At that moment Robert marched up. I took the opportunity to “startle” and “accidentally” spill my newly purchased perfume oil across Jeanne’s dress. She screamed in horror, shielding her eyes as she fell to the ground, even though the liquid was nowhere near her face. It wasn’t even hot.

“Oh, Le Comte! You startled me. I am so very clumsy when alarmed! Poor Madame Hugo-Daudet…”


Madame Charcot!
” she spat between her teeth. Montesquiou tried to help her to stand, but she pushed him away.

“I’m so sorry to have ruined your gown.”

“You are a nasty woman,” she sneered, brushing off her backside.

“Well, you would know the species.”

“I don’t have time to entertain the likes of you!” she cried. “I cannot believe Montesquiou is fooled! He is the stupidest man alive, but even for him this is absurd!”

With that Jeanne lifted her skirts and plodded off in the other direction, those hideous chicken-children clucking behind her. I turned to Robert, at the ready with an excuse. But
Le Comte
was so busy studying his freshly manicured nails he did not have time to contemplate my erratic behavior.

We spent the balance of the afternoon stomping across hay and visiting the ladies selling their geegaws. Sometime after dusk, Robert and I returned to my flat. As he poured a drink I slid out of my shoes and gown. I felt exhausted, tired, and overwrought all at once.

Robert hummed and dripped golden liquid into a crystal glass as I sat contemplating how strange it was we’d been coupled for two years, across one Daudet and at the start of Charcot. It is a long stretch to be with the same person, at least in my world, and though I know
Le Comte
well, I also know him very little. These thoughts bounced around my mind as I watched him pour my drink. It all left me oddly confused. And confused I remain.

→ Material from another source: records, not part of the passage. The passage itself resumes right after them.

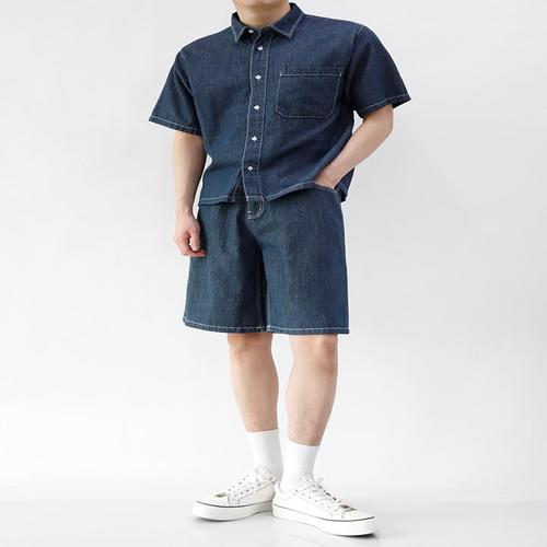 남자 반팔 데님셔츠 루즈핏 청남방 시원한 여름 캐주얼 데일리 남방 2색상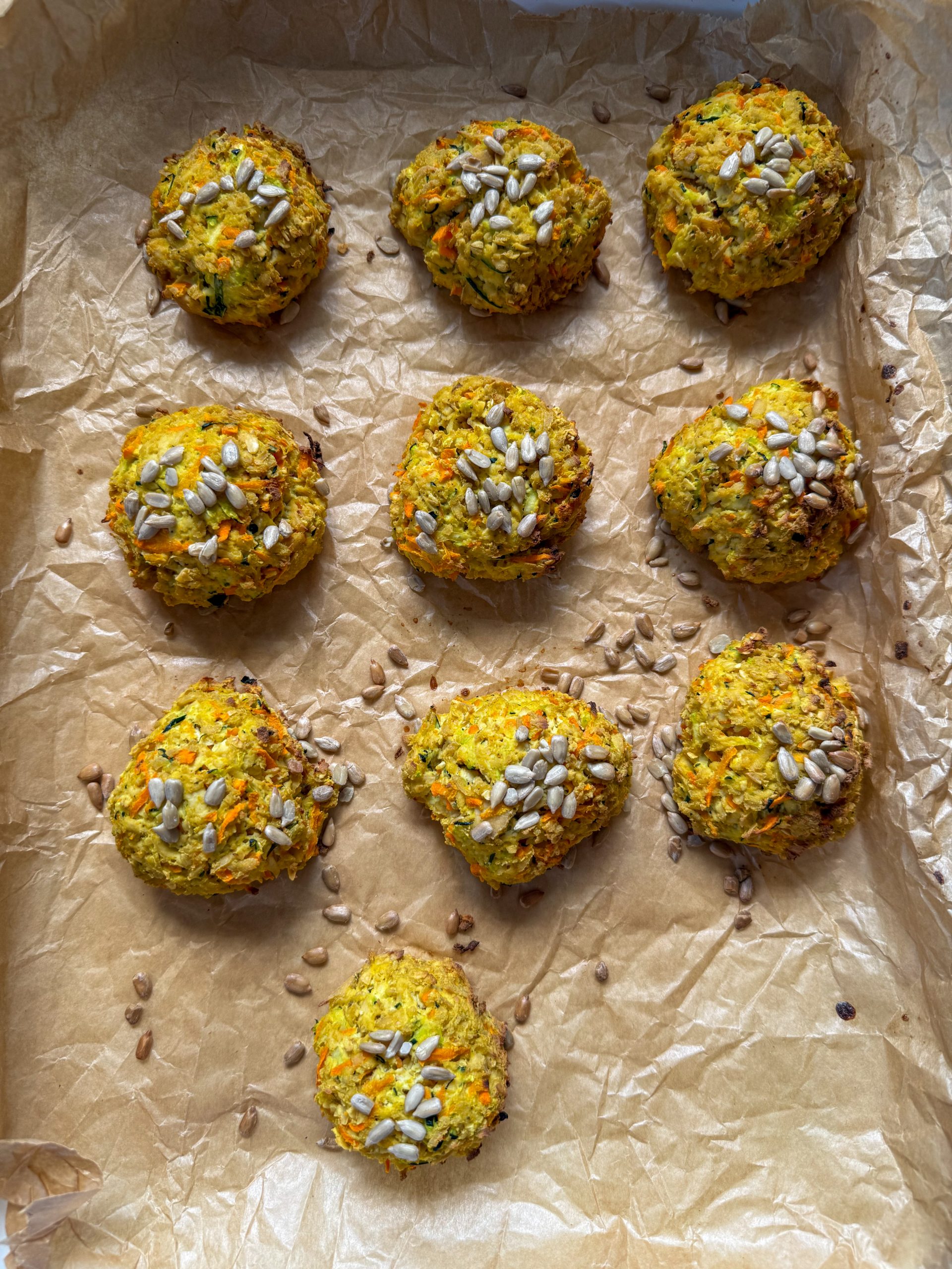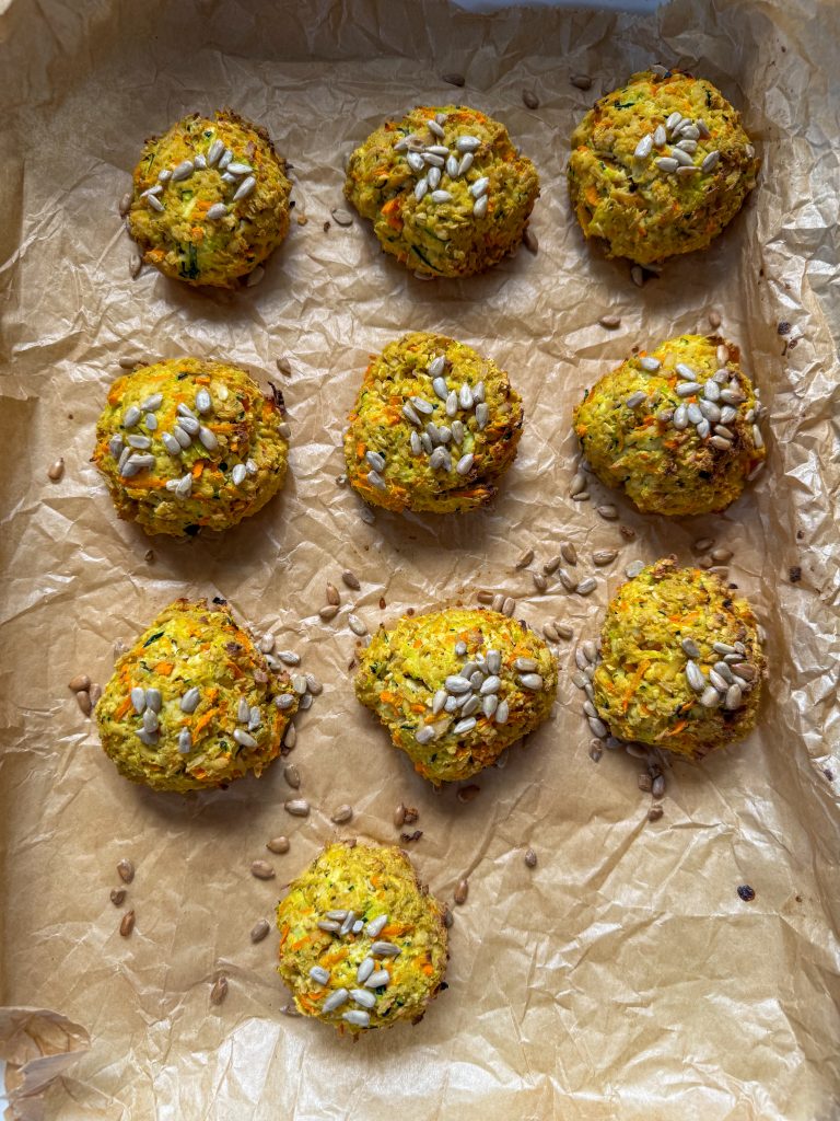 - Polpete po vrhu okrasimo s sončničnimi semeni in jih pečemo v ventilatorski pečici na 180C, cca. 25min od do zlato-rjave barve.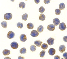 Immunocytochemistry of NAK in MOLT4 cells with NAK antibody at 10 μg/mL. |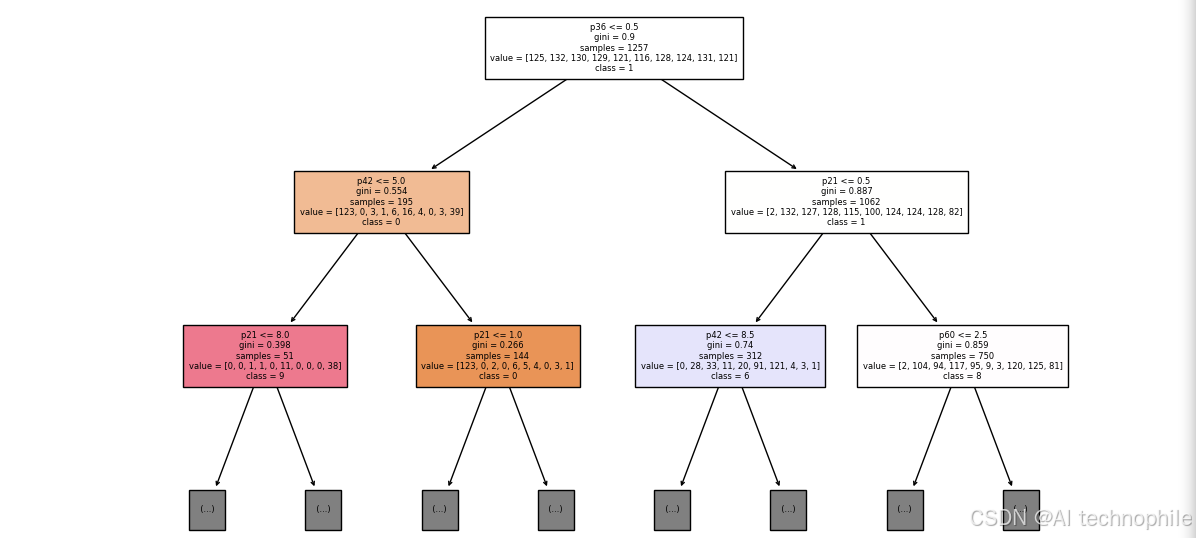 tree.plot_tree(clf, max_depth=2, feature_names=[f'p{i}' for i in range(64)],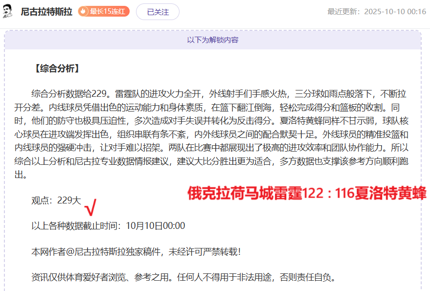 【成绩回顾】昨拿下3战胜,NBL(A)全胜,NBA也拿下二胜,今天情报数据再升级冲击连胜,尼古拉资深作者情报解读再有方法,信心强项情报解读连胜赛事再次出发,长期解读惊喜不断,此前作者创下4次双位数胜战绩,掌握着一手赛事资深情报,本期继续分享充满奇妙体育赛事,敬请大家持续关注!!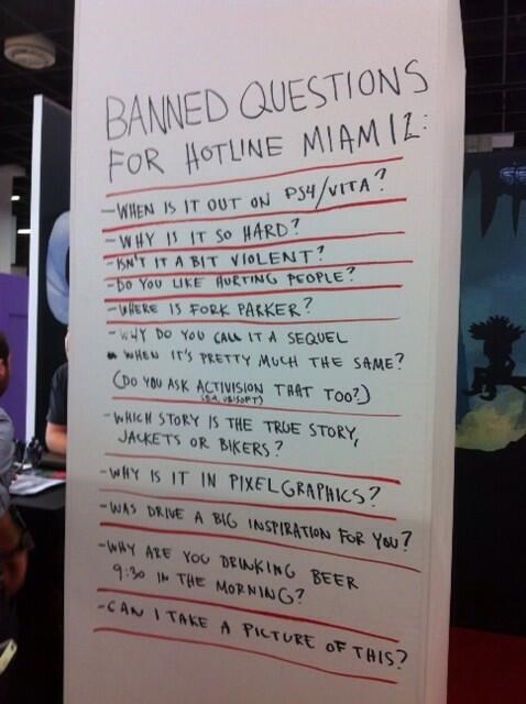 Banned Questions at the Hotline Miami 2 Booth

For the first time since arriving in Paris, I find my position, my future … it all seems so hazy and unclear. I have the apartment now. The gowns. The furnishings and the art. I am not married to Montesquiou, but am I supposed to stay with him forever?

“Drink or sexual congress first?”
Le Comte
asked, waggling his finger through the ice. Nausea crept into my gut.

I’d never not wanted him. Indeed I’m not always primed for his advances and sometimes have to work myself into an amorous condition. But right then the thought of his skin pressing against mine made me ill. It was nonsensical, I told myself, merely a by-product of the
Bazar
. Our surroundings can affect our moods, affect our desires, so much more than we’d like to admit. Truth be told, the whole affair let me down. It’s odd how something you’ve dreamed of half your life looks different once you get inside.

 

Part Quatre

 

Chapitre LI

Paris, 9 May 1897

What is it they say? The world can change in an instant? It happened to me. Like a spark to canvas, everything ignited and then burned away, the only thing left standing the structures, the ideas of how things once looked. This is both a metaphor and a strict interpretation of what happened.